[[ MATERIAL FOR THIS TASK open ]]
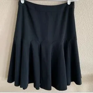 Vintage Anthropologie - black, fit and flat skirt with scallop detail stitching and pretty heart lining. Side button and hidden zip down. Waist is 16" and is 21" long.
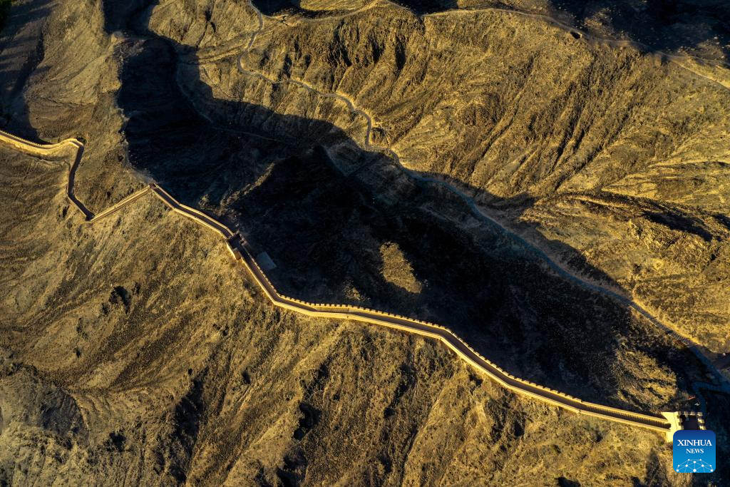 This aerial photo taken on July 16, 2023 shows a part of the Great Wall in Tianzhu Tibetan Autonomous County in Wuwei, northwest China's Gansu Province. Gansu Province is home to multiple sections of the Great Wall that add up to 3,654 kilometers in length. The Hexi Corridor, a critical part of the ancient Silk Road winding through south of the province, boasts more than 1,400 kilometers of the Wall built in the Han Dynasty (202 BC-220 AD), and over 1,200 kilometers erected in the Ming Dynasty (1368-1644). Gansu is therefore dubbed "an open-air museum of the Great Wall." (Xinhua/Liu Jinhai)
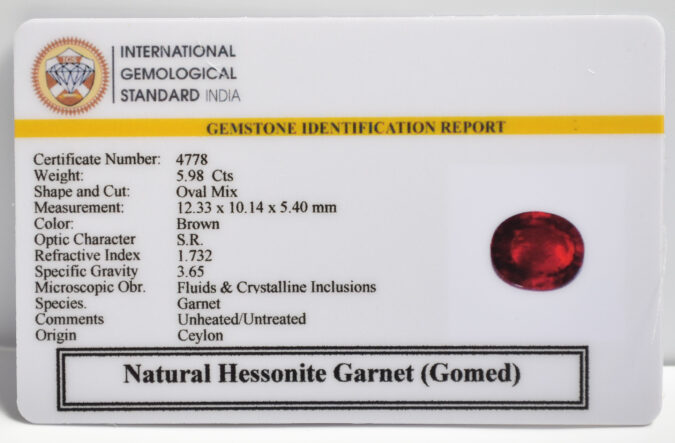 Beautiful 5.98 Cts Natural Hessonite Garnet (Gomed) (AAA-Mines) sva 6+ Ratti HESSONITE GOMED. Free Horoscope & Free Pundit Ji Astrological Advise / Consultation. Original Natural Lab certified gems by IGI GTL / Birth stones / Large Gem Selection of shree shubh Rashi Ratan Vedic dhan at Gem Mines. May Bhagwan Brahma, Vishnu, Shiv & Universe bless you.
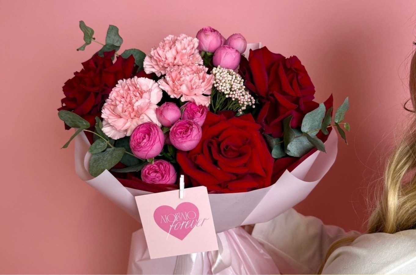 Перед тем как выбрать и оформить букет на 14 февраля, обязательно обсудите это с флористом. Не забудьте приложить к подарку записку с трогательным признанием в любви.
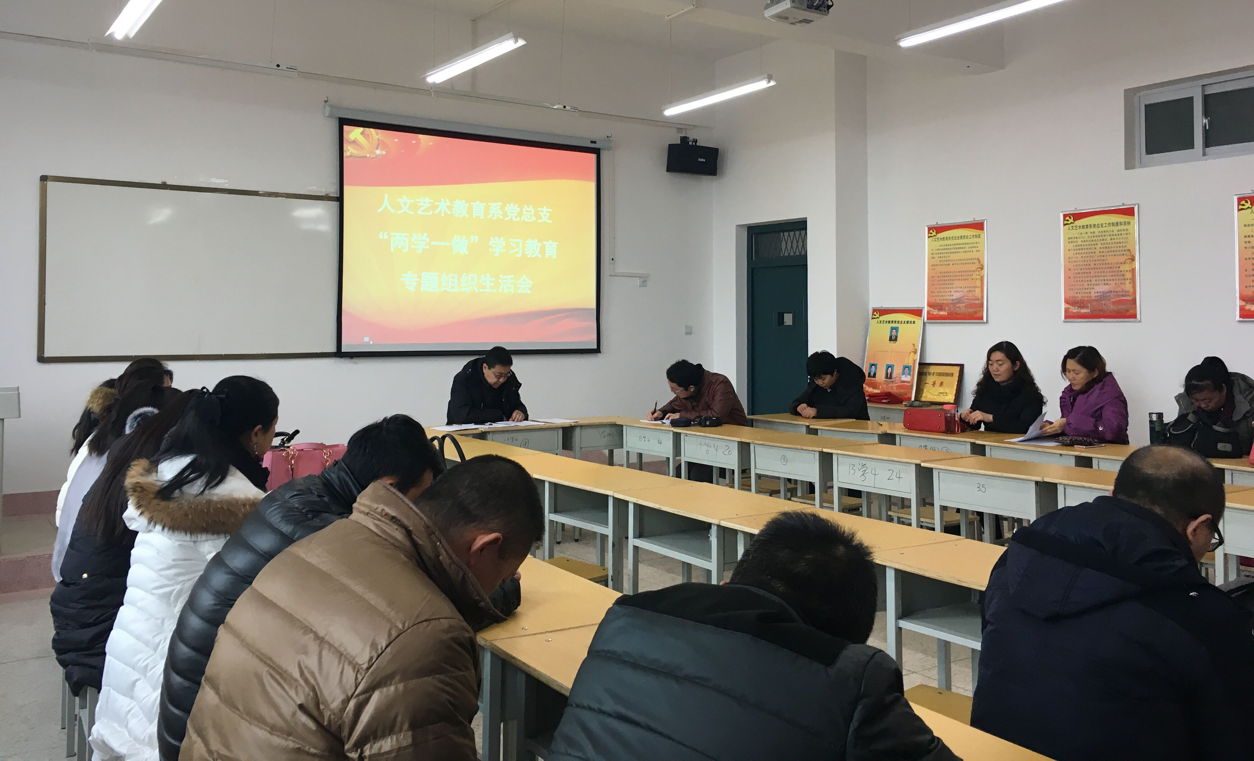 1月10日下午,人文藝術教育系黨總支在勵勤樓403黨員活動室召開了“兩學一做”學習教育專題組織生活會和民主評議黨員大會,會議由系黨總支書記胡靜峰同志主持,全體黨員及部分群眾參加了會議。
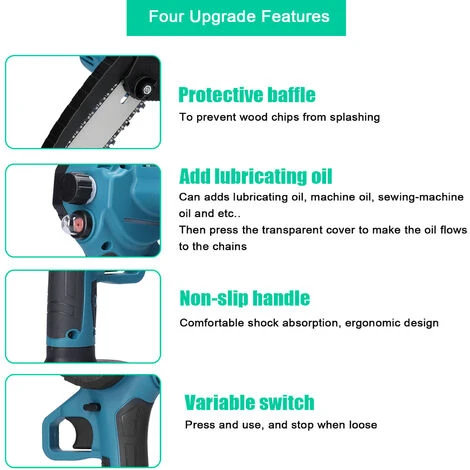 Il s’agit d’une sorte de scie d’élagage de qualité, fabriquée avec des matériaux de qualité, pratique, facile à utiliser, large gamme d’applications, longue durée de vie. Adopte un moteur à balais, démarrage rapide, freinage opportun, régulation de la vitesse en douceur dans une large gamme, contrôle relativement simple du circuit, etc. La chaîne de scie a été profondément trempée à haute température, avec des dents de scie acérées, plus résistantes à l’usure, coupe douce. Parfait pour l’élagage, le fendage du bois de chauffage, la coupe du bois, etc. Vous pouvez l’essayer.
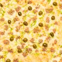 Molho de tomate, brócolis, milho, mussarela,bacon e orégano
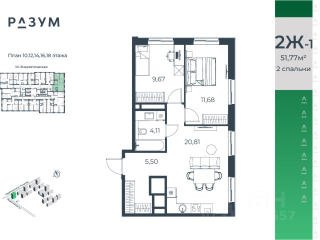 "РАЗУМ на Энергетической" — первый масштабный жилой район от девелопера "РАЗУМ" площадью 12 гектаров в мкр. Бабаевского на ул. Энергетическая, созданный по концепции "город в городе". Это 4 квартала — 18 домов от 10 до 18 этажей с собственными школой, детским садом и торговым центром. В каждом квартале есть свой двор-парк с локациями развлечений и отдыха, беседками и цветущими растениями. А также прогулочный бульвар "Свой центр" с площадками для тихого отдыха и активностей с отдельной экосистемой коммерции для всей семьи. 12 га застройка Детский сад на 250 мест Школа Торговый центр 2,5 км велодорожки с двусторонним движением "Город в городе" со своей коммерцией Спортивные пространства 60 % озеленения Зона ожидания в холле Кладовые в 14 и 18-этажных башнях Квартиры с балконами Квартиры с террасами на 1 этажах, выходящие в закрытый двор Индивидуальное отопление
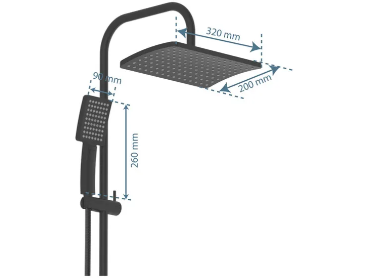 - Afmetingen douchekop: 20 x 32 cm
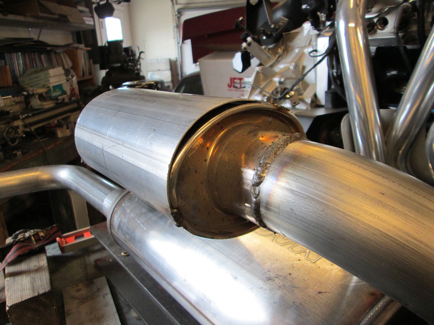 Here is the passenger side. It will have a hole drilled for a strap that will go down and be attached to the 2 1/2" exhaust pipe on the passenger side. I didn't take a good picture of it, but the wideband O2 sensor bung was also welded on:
[[ MATERIAL FOR THIS TASK closed ]]
THE TASK: I'd like the records above given again exactly, please, without the pictures.

WRITTEN ANSWER:
 Vintage Anthropologie - black, fit and flat skirt with scallop detail stitching and pretty heart lining. Side button and hidden zip down. Waist is 16" and is 21" long.
 This aerial photo taken on July 16, 2023 shows a part of the Great Wall in Tianzhu Tibetan Autonomous County in Wuwei, northwest China's Gansu Province. Gansu Province is home to multiple sections of the Great Wall that add up to 3,654 kilometers in length. The Hexi Corridor, a critical part of the ancient Silk Road winding through south of the province, boasts more than 1,400 kilometers of the Wall built in the Han Dynasty (202 BC-220 AD), and over 1,200 kilometers erected in the Ming Dynasty (1368-1644). Gansu is therefore dubbed "an open-air museum of the Great Wall." (Xinhua/Liu Jinhai)
 Beautiful 5.98 Cts Natural Hessonite Garnet (Gomed) (AAA-Mines) sva 6+ Ratti HESSONITE GOMED. Free Horoscope & Free Pundit Ji Astrological Advise / Consultation. Original Natural Lab certified gems by IGI GTL / Birth stones / Large Gem Selection of shree shubh Rashi Ratan Vedic dhan at Gem Mines. May Bhagwan Brahma, Vishnu, Shiv & Universe bless you.
 Перед тем как выбрать и оформить букет на 14 февраля, обязательно обсудите это с флористом. Не забудьте приложить к подарку записку с трогательным признанием в любви.
 1月10日下午,人文藝術教育系黨總支在勵勤樓403黨員活動室召開了“兩學一做”學習教育專題組織生活會和民主評議黨員大會,會議由系黨總支書記胡靜峰同志主持,全體黨員及部分群眾參加了會議。
 Il s’agit d’une sorte de scie d’élagage de qualité, fabriquée avec des matériaux de qualité, pratique, facile à utiliser, large gamme d’applications, longue durée de vie. Adopte un moteur à balais, démarrage rapide, freinage opportun, régulation de la vitesse en douceur dans une large gamme, contrôle relativement simple du circuit, etc. La chaîne de scie a été profondément trempée à haute température, avec des dents de scie acérées, plus résistantes à l’usure, coupe douce. Parfait pour l’élagage, le fendage du bois de chauffage, la coupe du bois, etc. Vous pouvez l’essayer.
 Molho de tomate, brócolis, milho, mussarela,bacon e orégano
 "РАЗУМ на Энергетической" — первый масштабный жилой район от девелопера "РАЗУМ" площадью 12 гектаров в мкр. Бабаевского на ул. Энергетическая, созданный по концепции "город в городе". Это 4 квартала — 18 домов от 10 до 18 этажей с собственными школой, детским садом и торговым центром. В каждом квартале есть свой двор-парк с локациями развлечений и отдыха, беседками и цветущими растениями. А также прогулочный бульвар "Свой центр" с площадками для тихого отдыха и активностей с отдельной экосистемой коммерции для всей семьи. 12 га застройка Детский сад на 250 мест Школа Торговый центр 2,5 км велодорожки с двусторонним движением "Город в городе" со своей коммерцией Спортивные пространства 60 % озеленения Зона ожидания в холле Кладовые в 14 и 18-этажных башнях Квартиры с балконами Квартиры с террасами на 1 этажах, выходящие в закрытый двор Индивидуальное отопление
 - Afmetingen douchekop: 20 x 32 cm
 Here is the passenger side. It will have a hole drilled for a strap that will go down and be attached to the 2 1/2" exhaust pipe on the passenger side. I didn't take a good picture of it, but the wideband O2 sensor bung was also welded on:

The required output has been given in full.